▶ Exercise goal
Retype the data below verbatim; pictures do not belong in the copy.

▶ Raw data
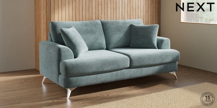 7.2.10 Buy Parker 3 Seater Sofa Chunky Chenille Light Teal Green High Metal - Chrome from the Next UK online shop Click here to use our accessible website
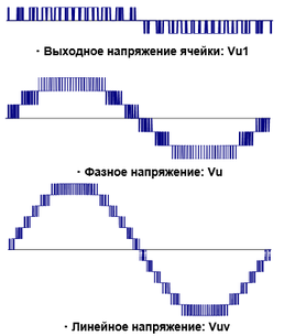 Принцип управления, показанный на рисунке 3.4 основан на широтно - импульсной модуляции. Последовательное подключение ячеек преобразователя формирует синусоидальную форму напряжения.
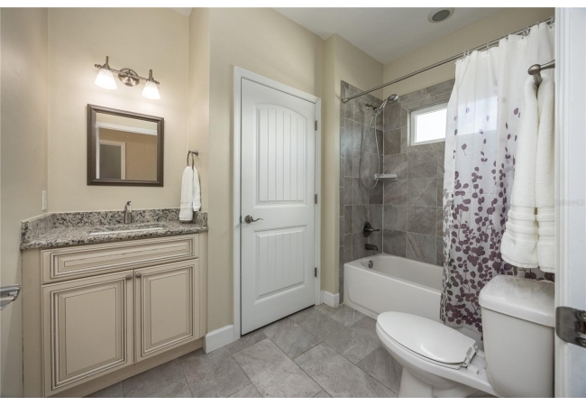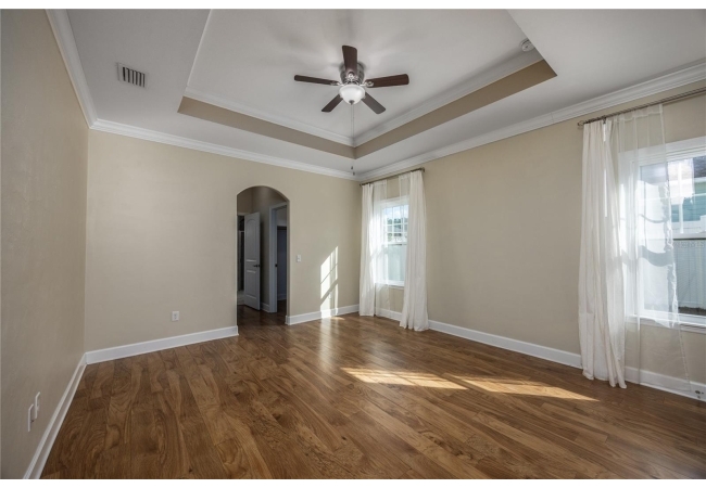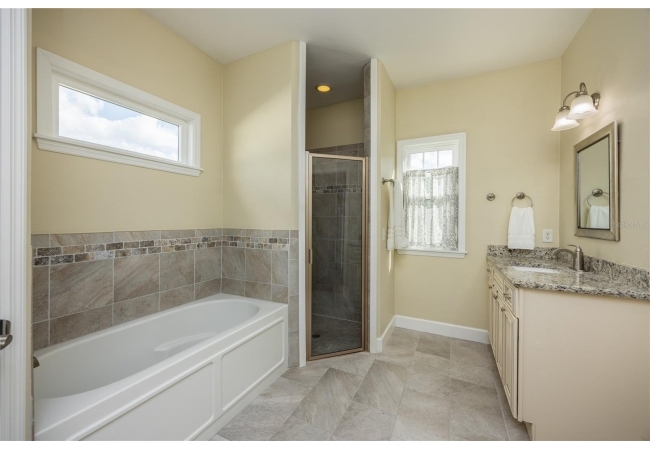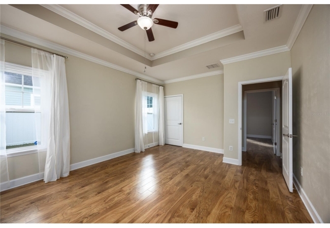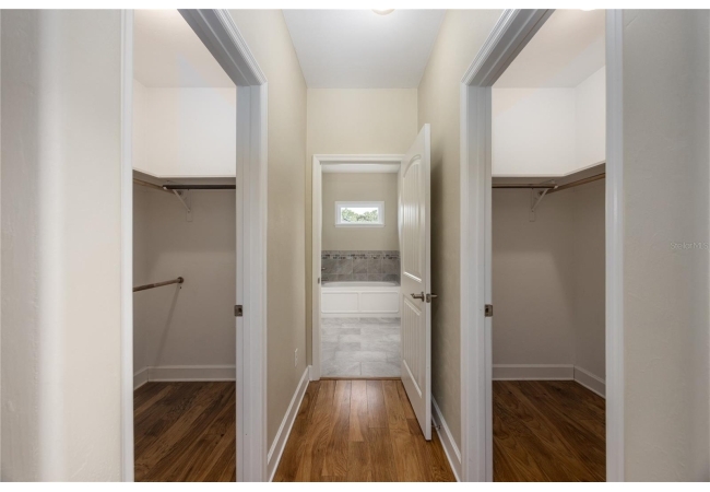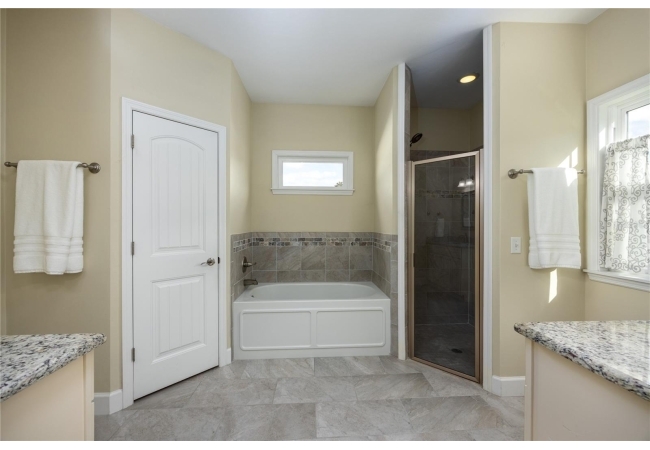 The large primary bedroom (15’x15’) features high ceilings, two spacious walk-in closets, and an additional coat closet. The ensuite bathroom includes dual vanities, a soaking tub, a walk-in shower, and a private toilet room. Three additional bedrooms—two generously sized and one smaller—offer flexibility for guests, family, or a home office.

▶ Response to this task
 7.2.10 Buy Parker 3 Seater Sofa Chunky Chenille Light Teal Green High Metal - Chrome from the Next UK online shop Click here to use our accessible website
 Принцип управления, показанный на рисунке 3.4 основан на широтно - импульсной модуляции. Последовательное подключение ячеек преобразователя формирует синусоидальную форму напряжения.
 The large primary bedroom (15’x15’) features high ceilings, two spacious walk-in closets, and an additional coat closet. The ensuite bathroom includes dual vanities, a soaking tub, a walk-in shower, and a private toilet room. Three additional bedrooms—two generously sized and one smaller—offer flexibility for guests, family, or a home office.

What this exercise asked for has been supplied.